Microsoft downplays Windows Media Player bug
Microsoft Corp. today dismissed reports of a critical vulnerability in its Windows Media Player, saying that the researcher who claims the bug could be exploited is wrong.
The flaw is a "reliability issue with no security risk to customers," Microsoft researchers said.
According to researcher Laurent Gaffi, the vulnerability could be used by hackers armed with malformed .wav, .snd, or .mid audio files to compromise a PC running Windows XP or Vista .
Several editions of Windows Media Player, including Versions 9, 10 and the newest, 11, are vulnerable, Gaffi reported in his disclosure on Dec. 24 to the Bugtraq security mailing list. Gaffi also included proof-of-concept attack code that he said would allow remote code execution.
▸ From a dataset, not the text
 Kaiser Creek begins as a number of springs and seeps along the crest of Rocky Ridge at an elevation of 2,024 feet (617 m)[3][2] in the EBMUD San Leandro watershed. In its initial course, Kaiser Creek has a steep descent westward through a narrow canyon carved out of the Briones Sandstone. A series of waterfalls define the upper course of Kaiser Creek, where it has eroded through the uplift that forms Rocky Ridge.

Microsoft disputed Gaffi's findings, and took him to task for publishing information about the vulnerability before he reported it to company security researchers.
"[Gaffi's] claims are false," said Christopher Budd, a spokesman for the Microsoft Security Response Center in a Monday afternoon post to the MSRC's blog . "We've found no possibility for code execution in this issue."
Budd acknowledged that Gaffi's sample exploit crashes Windows Media Player, but said that the program can be restarted without affecting the rest of the system.
Microsoft researchers with the company's Security Vulnerability Research and Defense (SVRD) group spelled out the impact of Gaffi's exploit in more technical detail in a separate blog entry Monday.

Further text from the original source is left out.